Телефон во внутреннем кармане рокерской куртки Дмитрия Кожухова разразился колокольным звоном, вызывая легкую панику у водителей, мимо которых проносился его «Харлей». Кожан прижался к обочине и ответил на вызов.
– Привет, Дима, это Ольга.
– Привет, доктор Оля. Я жив, здоров, в хирургическом вмешательстве, слава богу, не нуждаюсь.
– Погоди, у меня серьёзный разговор.
– Что-то с Андрюхой?
– У него навязчивая идея, причём этот диагноз к тебе относится не в меньшей степени. Я сейчас о другом.
– В чём проблема?
– Скажи, фонд «Панацея» – это ваша… – она замялась, – выдумка?
– С чего ты взяла?
– Ты что, хочешь, чтобы я совсем обиделась? Я же соображаю, что если вы надумали с клонированием связываться, то вам специалисты нужны.
– Оль, вот честное октябрятское, ни я, ни твой благоверный к этому фонду не имеем никакого отношения, вот крест тебе на пузе жёлтой краской.
– Не надо мне креста на пузе!
– Да ну, у тебя и пуза-то нет, – хмыкнул Кожан.
– Оставь мою фигуру в покое!
– А каким боком эта самая «Панацея» тебя касается?
– Дим, я работаю в научно-исследовательском центре трансплантации органов. Как ты считаешь, клонирование меня касается или нет?!
– Ну да, касается. Извини, не подумав ляпнул, дурак, вашбродь, виноват, исправлюсь!

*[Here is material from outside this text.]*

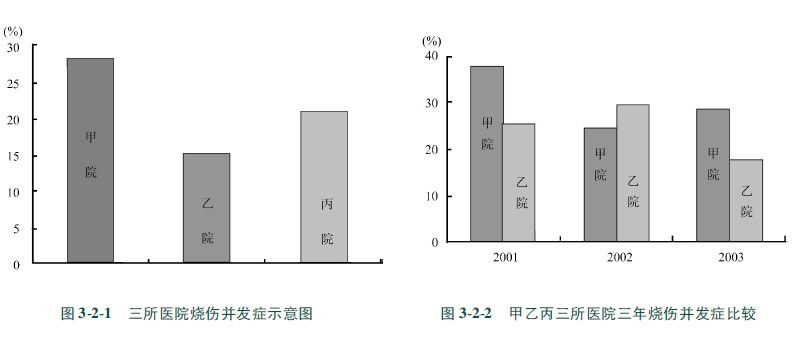 示例322甲、乙、丙三所醫(yī)院在2001~2003年大面積燒傷并發(fā)癥發(fā)生率統(tǒng)計(jì)結(jié)果為:甲院連續(xù)三年大面積燒傷并發(fā)癥發(fā)生率為38%、25%、29%;乙院為26%、30%、18%,繪制復(fù)式條圖(圖322)。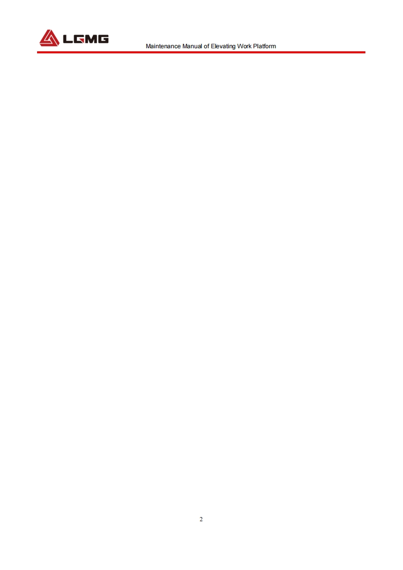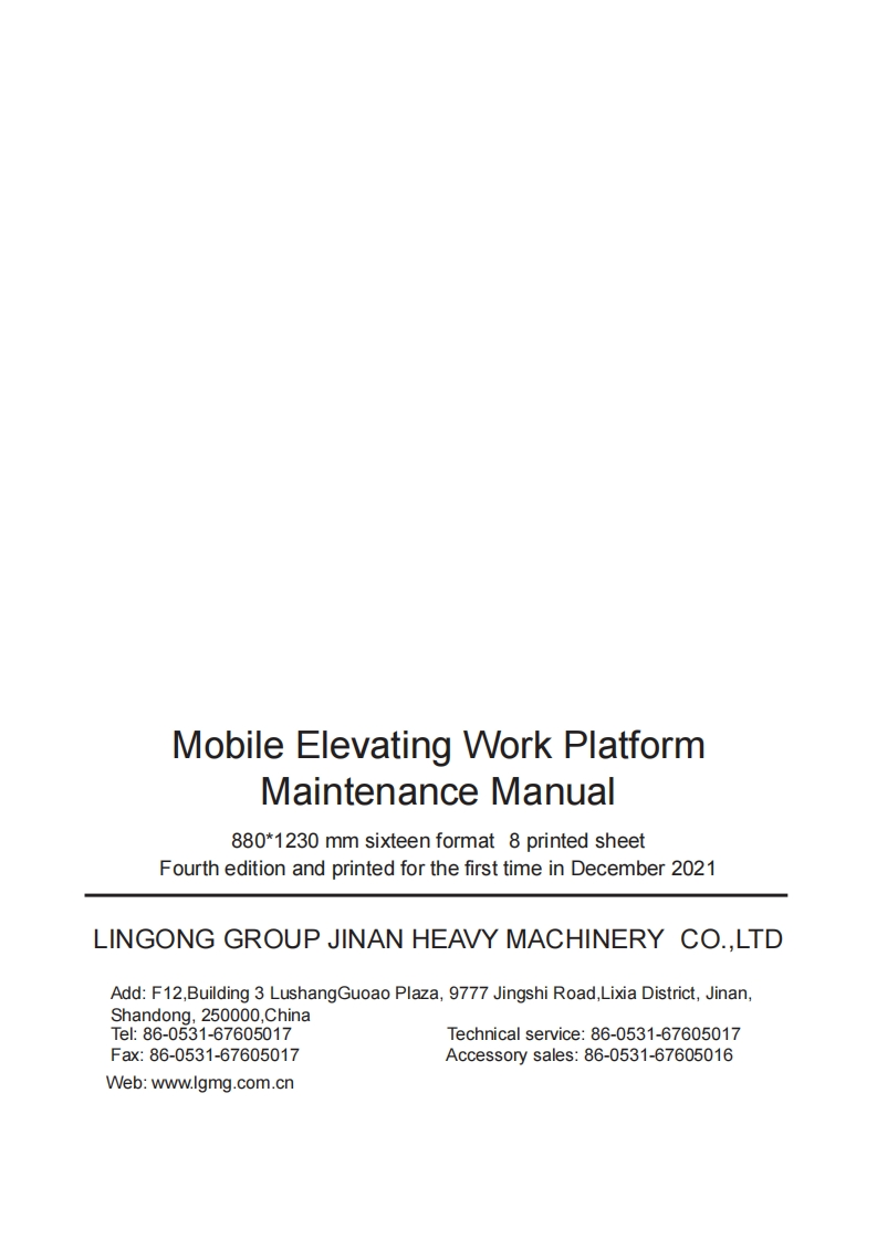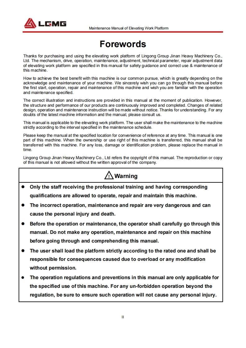 LGMGMaintenance ManualSS0407E/AS0607E/AS0812E/AS1012E/AS1212E/AS1413EMobile Elevating Work Platform△WarningBefore operation and maintenance,thedrivers and service personnel shallalways read and thoroughly understandall information in this manual.Failure todo so may result in,fatal accidents orpersonal injury.This manual must be kept with thismachine at all times.LINGONG GROUP JINAN HEAVY MACHINERY CO.,LTD.

– Чёрта с два ты исправишься! – недовольно отозвалась доктор Оля. – Но если этот фонд не ваш, тогда чей? Я же не первый год в этой области работаю. Все медицинские организации, которые специализируются на клонировании и генной инженерии, нам как родные. Вдруг эта «Панацея» возникает из небытия и швыряется деньгами. Ты знаешь размеры их грантов?
– Представления не имею.
– Так я тебе скажу: миллион долларов, семьсот пятьдесят тысяч и пятьсот, и поощрительные в неизвестном количестве по пятьдесят тысяч. Я была уверена, что это ваших рук дело.
– Начинание, конечно, благое, но, извини, не наше.
– Дуристика какая-то, – проговорила Ольга. – Благое начинание… – повторила она. – Я об этом хотела с тобой серьёзно поговорить.
– Что мешает?
– Лучше всего с глазу на глаз.
– Хорошо, в десяти минутах ходьбы от твоего центра есть кафе «Эдельвейс». Можешь через двадцать минут выйти?
– Могу. А там?..
– Там безопасно.
– Ладно, я буду.
– Всё, отбой! – он нажал красную кнопку. Ровно через три секунды малиновый звон в телефонном динамике повторился.
– Шеф, – докладывал один из сотрудников, – только что зафиксирована попытка пристроиться на твой канал связи во время разговора. Мы её пресекли.
– Ага, прослушечка, – радуясь непонятно чему, усмехнулся Кожухов. – Значит, не забыли о нас вражины злые.
– Похоже, кто-то под вас копает.
– Ну, в эту игру можно играть вдвоём. Скажи-ка Тихому, чтобы взял тройку и оперативно выяснил всё, что только можно, по медицинскому благотворительному фонду «Панацея». Задание понятно?
– Так точно!
– Выполнять.
В кафе «Эдельвейс» в этот час было пусто, негромко играла музыка, и в молчаливом телевизоре судорожно корчились загорелые красотки в бикини, между ними прыгало что-то мужского пола, размахивая бабуинскими кривыми руками, переступая с ноги на ногу в широченных полуспущенных штанах. Ольга сидела за столиком с чашечкой кофе. Кивнув ей, Кожухов подошёл к бармену и молча указал на зеркало. Тот нажал кнопку под стойкой. Отражающая поверхность тихо отъехала в сторону, открывая проход в небольшую, обитую чем-то мягким комнату для переговоров. Еще несколько секунд – и стекло вернулось на место, позволяя им видеть и слышать происходящее в зазеркалье. Ольга нахмурилась.
– К чему все эти понты?
– Сама же хотела пообщаться с глазу на глаз.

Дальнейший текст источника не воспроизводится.